# Mauricio Lemos



## Willy Wonka (17 Novembre 2016)

*Mauricio Lemos* è un difensore centrale di nazionalità uruguaiana, nato il 28 *Dicembre 1995*, dalla passata stagione gioca in Liga, più precisamente nel *Las Palmas* (NDR, la stessa squadra di Boateng). Messosi in mostra con la nazionale U20 nel mondiale e nel campionato sudamericano di categoria nel 2015 è stato prima comprato dal Rubin Kazan, dove non è riuscito a imporsi, per poi trasferirsi appunto nell'isola di Gran Canaria per soli 2 milioni di euro. In estate si è parlato molto di un interessamento del Barcellona per il ragazzo ma i blaugrana non sono andati oltre. In questa stagione sta trovando meno spazio del preventivato, appena 4 presenze in 3 mesi. Non ha ancora esordito con la nazionale maggiore, il tecnico Tabarez nelle convocazioni gli preferisce l'ex Torino Gaston Silva, ma nel prossimo futuro molto probabilmente arriverà anche la prima chiamata dall'Uruguay. Fa del senso della posizione e delle qualità tecniche palla al piede il suo punto di forza, tanto che può essere impiegato anche da mediano davanti la difesa. Spiccate doti nel gioco aereo, dove riesce a sfruttare pienamente la sua altezza. Il suo punto debole è sicuramente la troppa irruenza, unita alla non eccelsa velocità, che ne fanno un mix pericoloso se gestito male. Il suo idolo, a cui dice di ispirarsi, è il connazionale Godìn. Secondo il sito di riferimento, Transfermarkt, il suo attuale valore di mercato è di 7,5 milioni di euro. 

Video al secondo post con giocate della stagione passata.


----------



## Willy Wonka (17 Novembre 2016)




----------



## ralf (17 Novembre 2016)

Bel giocatore, eletto miglior centrale agli ultimi mondiali Under 20, purtroppo costa già 25-30 M. La scorsa estate se lo sono conteso Real e Barca, ma il Las Palmas voleva tutti e 30M della clausula rescissoria.


----------



## Willy Wonka (8 Gennaio 2017)

[MENTION=1688]Chrissonero[/MENTION] tu che sei spagnolo e magari lo hai seguito più da vicino cosa ne pensi di questo giocatore?


----------



## Chrissonero (8 Gennaio 2017)

Willy Wonka ha scritto:


> [MENTION=1688]Chrissonero[/MENTION] tu che sei spagnolo e magari lo hai seguito più da vicino cosa ne pensi di questo giocatore?

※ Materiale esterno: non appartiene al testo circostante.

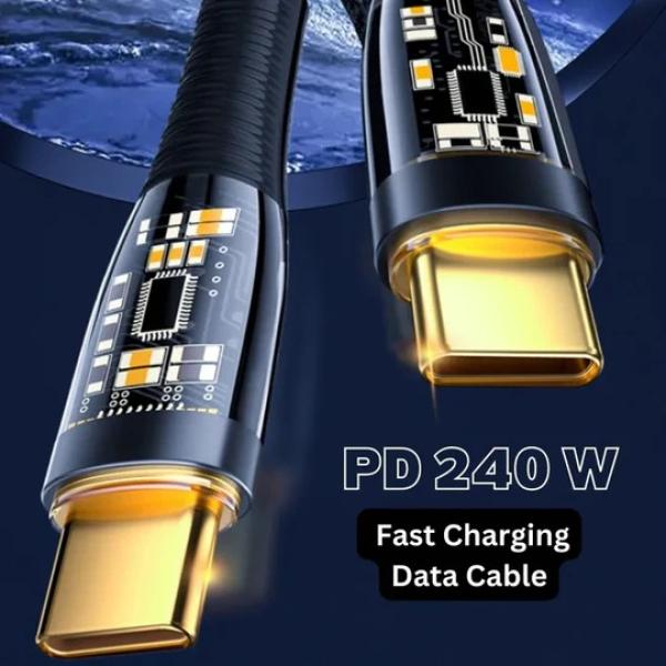 The Aspor A153 Type-C to Type-C Fast Charging Cable delivers an impressive 240W of power, making it ideal for high-performance devices like laptops, tablets, and smartphones. Its built-in LED light adds a stylish glow while helping you locate the cable in low-light environments. Whether you’re working late or charging overnight, this cable brings both speed and visibility.

Onestamente l'ho visto solo due tre volte, non e titolare fisso nel las palmas ma un mese fa dal primo minuto contro l'atletico madrid fa benissimo, sembra un tipico difensore uruguaiano di grande personalità, concentrazione e forza fisica, sicuramente da seguire.


----------



## ralf (30 Gennaio 2017)

Willy Wonka ha scritto:


> [MENTION=1688]Chrissonero[/MENTION] tu che sei spagnolo e magari lo hai seguito più da vicino cosa ne pensi di questo giocatore?



Che goal ha fatto contro il Valencia?


----------



## ralf (20 Febbraio 2017)

Altro goal su punizione, un cecchino...


----------



## Willy Wonka (21 Febbraio 2017)

Ha il piede caldo di recente


----------



## Chrissonero (1 Marzo 2017)

Sta facendo una partita super al bernabeu..


----------



## ralf (6 Aprile 2017)

Altro golazo su punizione, non male per essere un difensore.


----------



## ralf (28 Aprile 2017)

Oltre al Barca pare lo voglia anche Monchi alla Roma.


----------